8. Force Majeure. Drennan will not be under any liability of whatever kind for non-performance in whole or in part of its obligations under the contract due to causes beyond the control of Drennan or beyond the control of Drennan ’s suppliers including, but not limited to, war (whether an actual declaration thereof is made or not), sabotage, terrorism, insurrection, riot or other acts of civil disobedience, acts of Customer or a third party, failure or delay in transportation, acts of any Government or any agency or sub-division thereof, Government regulations, judicial actions, labour disputes, strikes, embargoes, illness, accident, fire, explosion, flood, tempest or other acts of God, delay in delivery to Drennan or Drennan ’s suppliers or shortage of labour, fuel, raw materials or machinery or technical failure.  In any such event, Drennan may, without liability, cancel or vary the terms of this agreement including, but not limited to, extending the time for performing this agreement for a period at least equal to the time lost by reason of such causes.

 
9. Limitation on Liability.  DRENNAN DOES NOT ACCEPT LIABILITY BEYOND THE REMEDIES SET FORTH HEREIN, INCLUDING ANY LIABILITY FOR PRODUCTS NOT BEING AVAILABLE FOR USE OR FOR LOST . NOTWITHSTANDING, IF DRENNAN SHALL BE LIABLE TO CUSTOMER FOR ANY MATTER ARISING OUT OF OR IN ANY WAY RELATING TO THIS AGREEMENT, THEN THE AMOUNT OF DAMAGES RECOVERABLE FROM DRENNAN SHALL NOT EXCEED THE VALUE OF THE PRODUCTS PERTAINING TO THE SPECIFIC INCIDENT GIVING RISE TO DRENNAN ’S LIABILITY.  DRENNAN WILL NOT BE LIABLE FOR LOST PROFITS, LOSS OF BUSINESS OR OTHER CONSEQUENTIAL, SPECIAL, INDIRECT OR PUNITIVE DAMAGES, EVEN IF ADVISED OF THE POSSIBILITY OF SUCH DAMAGES, OR FOR ANY CLAIM BY ANY THIRD PARTY EXCEPT AS EXPRESSLY PROVIDED HEREIN.

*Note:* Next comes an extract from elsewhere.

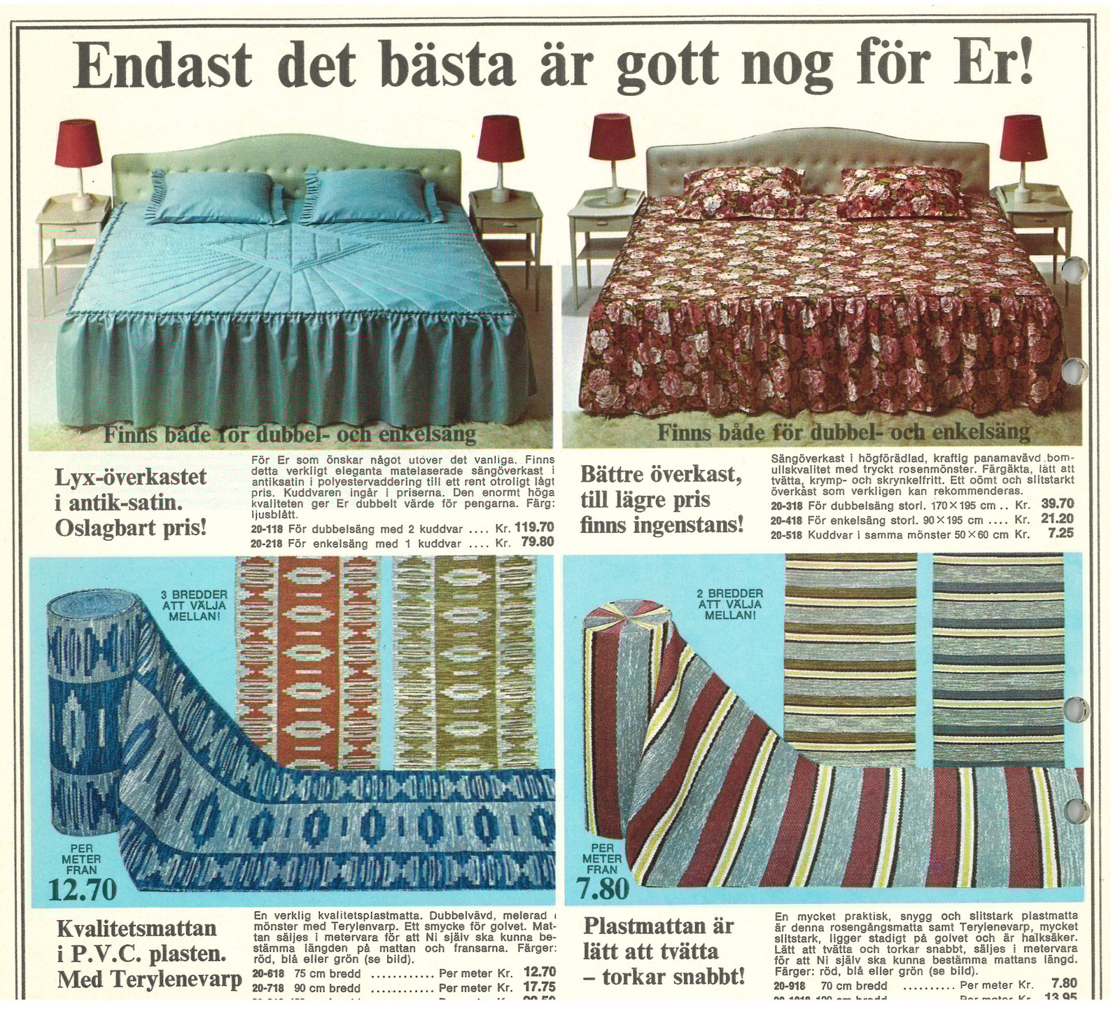 Men inte nog med det, vi sålde också hemtextiler som överkast, sängkläder, gardiner, handdukar och mattor. Vi hade både en skönhetsklubb och en växtklubb och sålde diverse småprylar för hemmet som fotbad. Handlade du från Miss Mary of Sweden skulle du inte behöva handla någon annanstans. Så här kunde det se ut i sovrummet under 60-talet.

10. Headings. The section headings used herein are for convenience of reference only and do not form a part of these terms and conditions, and no construction or inference shall be derived therefrom.

11. Language. These Terms and Conditions are in both English and Chinese versions.  If there is any conflict between the two versions, the English version shall prevail.